2. Norma Jean - Memphis Will Be Laid To Waste (Bless the Martyr and Kiss the Child)
3. Thursday - Jet Black New Year (Five Stories Falling)
4. You're So Last Summer - Taking Back Sunday (Tell All Your Friends)
5. Dillinger Four - Noble Stabbings (Situationist Comedy)
6. Get Up Kids - Overdue (On a Wire)
7. Common Rider - Firewall (This is Unity Music)
8. Lawrence Arms - Presenting the Dancing Machine (Uncontrollable Fatulence)
9. Dillinger Four - Noble Stabbings (Situationist Comedy)
10. Staring Back - Version 2.0 (On)
2. Ben Kweller - Wasted and Ready (Sha Sha)
3. Weezer - Keep Fishin' (Maladroit)
4. All-American Rejects - The Last Song (Self-Titled)
5. Divit - William (Broadcaster)
6. Alkaline Trio - Queen of Pain (Alkaline Trio/Hot Water Music Split)
7. Brand New - Am I Wrong (Safety in Numbers Split)
8. Flogging Molly - What's Left Of This Flag (Drunken Lullabies)

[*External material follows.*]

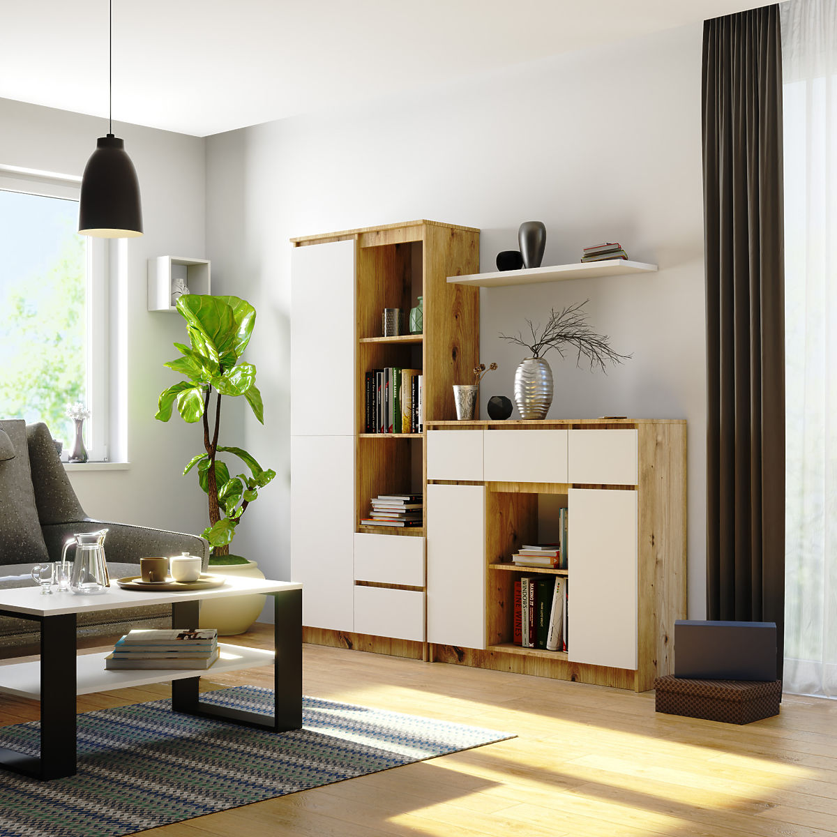 Banaby.at » Kindermöbel / Kinderkommoden und Schränke / Kinderkommoden / KOMMODE K100 2D 3SZ 1P PK EICHE ARTISAN / WEISS

9. Foo Fighters - All My Life (One By One)
10. The Stereo - Two Weeks Notice (Rewind Record)
TEAR-JERKING, PAINFUL, DISAPPOINTMENTS
Keep in mind that a disappointment doesn't necessarily mean a bad record, but that I had high hopes which sadly, weren't met by the record. (Well, Except for Gusto, which was in fact an awful record, for any band.)
1. Jets to Brazil - Perfecting Loneliness
To end the lists on a hopeful note, 2003 should be an incredible year, many, many new records to look forward to, including - but not limited to - NOFX, Thursday, The Weakerthans, Social Distortion, Rancid, The Descendents, Alkaline Trio, Further Seems Forever, Saves the Day, The International Noise Conspiracy. Let me just restress one of those. The Descendents are putting out another record.
JOE STRUMMER (1952-2002)
Finally, to end this piece, I wanted to write something about Joe Strummer. I wrote this bit five times. I usually don't have to scrap so many, but this is a staggeringly jarring and tragic event. In spite of the many great things that have happened, great music that has been released, and bands I was fortunate enough to see, this year will remain in my memory as the year Joe Strummer died.

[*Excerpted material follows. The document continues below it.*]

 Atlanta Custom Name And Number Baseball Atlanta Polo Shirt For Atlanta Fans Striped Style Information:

Joe was the elder statesman of punk rock, while some of his contemporaries milked their past glories with every resurgence of punk into the mainstream, Joe was happy to leave the legacy of the Clash intact. He was content to write new music, move in new directions, and provide the kind of quiet dignity that we could only hope people would strive for. From his later work in the Clash, to his soundtracks, and his tracks with the Mescalaros, Joe was constantly moving in new directions, and pushing boundries.

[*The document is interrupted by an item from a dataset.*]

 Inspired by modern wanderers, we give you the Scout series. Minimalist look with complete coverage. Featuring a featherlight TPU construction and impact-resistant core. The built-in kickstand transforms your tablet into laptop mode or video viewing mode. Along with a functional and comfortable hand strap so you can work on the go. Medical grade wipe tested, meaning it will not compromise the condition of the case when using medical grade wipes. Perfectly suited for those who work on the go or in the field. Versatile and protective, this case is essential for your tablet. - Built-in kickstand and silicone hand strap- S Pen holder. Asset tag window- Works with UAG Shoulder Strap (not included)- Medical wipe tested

As I sit here, listening to my copy of The Clash UK, I'm dumbfounded by how fresh, and new the music still sounds, even though everyone from Operation Ivy to Rancid to Kid Dynamite, to Alkaline Trio have taken inspiration from these songs. Even if you've never listened to the Clash, if you listen to this music, you've felt Joe's influence.
We have lost too many musicians these past years, Joey, Dee Dee, it goes on; the list is far too long. Thankfully, Joe left us a rich, dynamic body of work, and as bands decades from now quote the Clash as an influence, we'll still remember him fondly.